[Source data]
※ ※ ※

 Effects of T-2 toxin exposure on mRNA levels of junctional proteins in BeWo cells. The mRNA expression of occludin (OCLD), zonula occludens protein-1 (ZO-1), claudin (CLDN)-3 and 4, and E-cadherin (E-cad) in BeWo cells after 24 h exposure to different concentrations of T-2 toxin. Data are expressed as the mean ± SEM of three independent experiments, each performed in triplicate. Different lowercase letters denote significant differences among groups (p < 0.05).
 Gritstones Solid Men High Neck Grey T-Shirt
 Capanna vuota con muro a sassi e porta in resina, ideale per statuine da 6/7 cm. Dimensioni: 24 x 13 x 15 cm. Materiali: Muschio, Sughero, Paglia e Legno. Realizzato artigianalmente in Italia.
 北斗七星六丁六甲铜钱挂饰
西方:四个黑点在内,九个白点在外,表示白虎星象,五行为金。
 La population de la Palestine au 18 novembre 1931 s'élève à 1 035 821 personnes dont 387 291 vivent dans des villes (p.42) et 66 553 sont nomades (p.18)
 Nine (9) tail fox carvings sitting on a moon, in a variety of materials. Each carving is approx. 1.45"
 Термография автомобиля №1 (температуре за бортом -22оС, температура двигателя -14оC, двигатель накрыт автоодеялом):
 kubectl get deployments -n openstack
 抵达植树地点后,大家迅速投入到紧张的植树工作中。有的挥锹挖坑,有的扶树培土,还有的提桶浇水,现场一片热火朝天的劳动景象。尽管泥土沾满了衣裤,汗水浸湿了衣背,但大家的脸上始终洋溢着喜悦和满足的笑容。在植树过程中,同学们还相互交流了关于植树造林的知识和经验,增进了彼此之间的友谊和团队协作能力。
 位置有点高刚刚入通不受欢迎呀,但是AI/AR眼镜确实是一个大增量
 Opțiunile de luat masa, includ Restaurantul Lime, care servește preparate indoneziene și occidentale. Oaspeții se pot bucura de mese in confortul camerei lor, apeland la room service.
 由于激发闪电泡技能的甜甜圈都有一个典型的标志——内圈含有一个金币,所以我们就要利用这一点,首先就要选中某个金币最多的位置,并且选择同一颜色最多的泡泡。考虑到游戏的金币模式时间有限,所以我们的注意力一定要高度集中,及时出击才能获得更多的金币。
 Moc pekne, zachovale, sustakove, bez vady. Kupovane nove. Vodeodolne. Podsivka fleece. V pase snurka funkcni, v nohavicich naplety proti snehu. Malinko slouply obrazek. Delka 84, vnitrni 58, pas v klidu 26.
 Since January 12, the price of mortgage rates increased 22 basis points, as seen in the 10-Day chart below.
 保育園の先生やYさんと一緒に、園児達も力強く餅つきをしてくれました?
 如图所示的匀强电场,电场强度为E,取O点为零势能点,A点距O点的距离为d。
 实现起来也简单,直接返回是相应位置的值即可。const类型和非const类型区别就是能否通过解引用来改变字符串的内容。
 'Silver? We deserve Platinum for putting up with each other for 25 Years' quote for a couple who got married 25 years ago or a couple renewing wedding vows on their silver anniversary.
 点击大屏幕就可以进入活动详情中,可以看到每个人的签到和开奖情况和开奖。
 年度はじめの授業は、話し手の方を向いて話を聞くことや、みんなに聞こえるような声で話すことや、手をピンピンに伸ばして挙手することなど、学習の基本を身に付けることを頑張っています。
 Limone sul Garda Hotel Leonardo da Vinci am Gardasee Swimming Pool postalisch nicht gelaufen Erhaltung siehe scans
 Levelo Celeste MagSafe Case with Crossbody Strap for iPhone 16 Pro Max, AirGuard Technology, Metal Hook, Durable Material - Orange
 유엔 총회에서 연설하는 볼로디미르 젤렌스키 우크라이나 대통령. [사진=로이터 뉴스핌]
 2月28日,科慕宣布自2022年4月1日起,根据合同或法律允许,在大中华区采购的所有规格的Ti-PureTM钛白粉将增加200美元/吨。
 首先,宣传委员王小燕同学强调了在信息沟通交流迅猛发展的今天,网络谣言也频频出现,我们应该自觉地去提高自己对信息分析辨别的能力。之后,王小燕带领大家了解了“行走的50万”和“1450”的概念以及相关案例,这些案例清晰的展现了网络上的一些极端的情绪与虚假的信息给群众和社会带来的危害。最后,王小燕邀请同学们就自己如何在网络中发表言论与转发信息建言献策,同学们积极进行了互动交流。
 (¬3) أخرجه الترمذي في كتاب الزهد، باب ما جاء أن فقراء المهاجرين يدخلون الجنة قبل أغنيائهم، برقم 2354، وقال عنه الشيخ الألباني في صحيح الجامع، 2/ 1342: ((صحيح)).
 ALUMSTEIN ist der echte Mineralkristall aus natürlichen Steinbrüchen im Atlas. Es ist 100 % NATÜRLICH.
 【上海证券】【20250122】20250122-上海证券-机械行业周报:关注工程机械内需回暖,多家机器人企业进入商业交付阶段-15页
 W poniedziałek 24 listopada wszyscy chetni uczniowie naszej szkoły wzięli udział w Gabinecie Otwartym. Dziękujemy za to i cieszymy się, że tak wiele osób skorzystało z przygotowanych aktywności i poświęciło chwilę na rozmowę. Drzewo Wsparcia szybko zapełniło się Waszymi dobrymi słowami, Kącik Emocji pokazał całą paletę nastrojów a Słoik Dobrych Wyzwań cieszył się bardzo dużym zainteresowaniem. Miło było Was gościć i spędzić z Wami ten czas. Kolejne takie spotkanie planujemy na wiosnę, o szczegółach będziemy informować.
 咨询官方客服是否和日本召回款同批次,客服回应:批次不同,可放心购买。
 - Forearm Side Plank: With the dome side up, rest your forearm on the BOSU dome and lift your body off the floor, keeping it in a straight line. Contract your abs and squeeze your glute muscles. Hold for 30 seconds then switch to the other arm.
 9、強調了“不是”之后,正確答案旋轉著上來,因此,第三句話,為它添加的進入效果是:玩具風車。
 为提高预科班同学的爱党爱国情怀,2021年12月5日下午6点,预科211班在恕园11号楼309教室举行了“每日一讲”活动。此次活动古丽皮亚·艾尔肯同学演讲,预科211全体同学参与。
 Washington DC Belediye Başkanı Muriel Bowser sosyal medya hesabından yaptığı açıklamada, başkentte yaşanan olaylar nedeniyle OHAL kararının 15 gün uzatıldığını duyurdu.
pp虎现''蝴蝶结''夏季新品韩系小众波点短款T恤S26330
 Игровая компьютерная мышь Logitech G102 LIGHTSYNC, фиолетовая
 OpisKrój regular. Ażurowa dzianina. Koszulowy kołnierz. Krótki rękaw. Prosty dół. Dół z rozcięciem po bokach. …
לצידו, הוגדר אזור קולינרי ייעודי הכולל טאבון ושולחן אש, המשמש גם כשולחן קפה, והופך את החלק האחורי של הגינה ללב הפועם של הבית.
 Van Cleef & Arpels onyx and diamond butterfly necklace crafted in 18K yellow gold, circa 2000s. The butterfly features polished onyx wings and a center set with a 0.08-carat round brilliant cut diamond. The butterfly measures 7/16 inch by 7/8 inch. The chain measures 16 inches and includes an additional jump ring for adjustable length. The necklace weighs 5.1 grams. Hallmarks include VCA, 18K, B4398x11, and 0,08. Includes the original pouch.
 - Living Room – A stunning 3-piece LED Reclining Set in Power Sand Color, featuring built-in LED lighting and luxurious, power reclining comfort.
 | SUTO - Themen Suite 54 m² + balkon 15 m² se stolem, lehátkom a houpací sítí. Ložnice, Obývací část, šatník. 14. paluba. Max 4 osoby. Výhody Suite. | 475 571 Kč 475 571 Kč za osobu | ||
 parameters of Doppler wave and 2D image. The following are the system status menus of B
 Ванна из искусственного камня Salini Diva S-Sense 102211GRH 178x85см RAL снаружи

※ ※ ※

_What is required_.
The answer must consist of every line above that contains the word "other".

_Result below_.
 'Silver? We deserve Platinum for putting up with each other for 25 Years' quote for a couple who got married 25 years ago or a couple renewing wedding vows on their silver anniversary.
 - Forearm Side Plank: With the dome side up, rest your forearm on the BOSU dome and lift your body off the floor, keeping it in a straight line. Contract your abs and squeeze your glute muscles. Hold for 30 seconds then switch to the other arm.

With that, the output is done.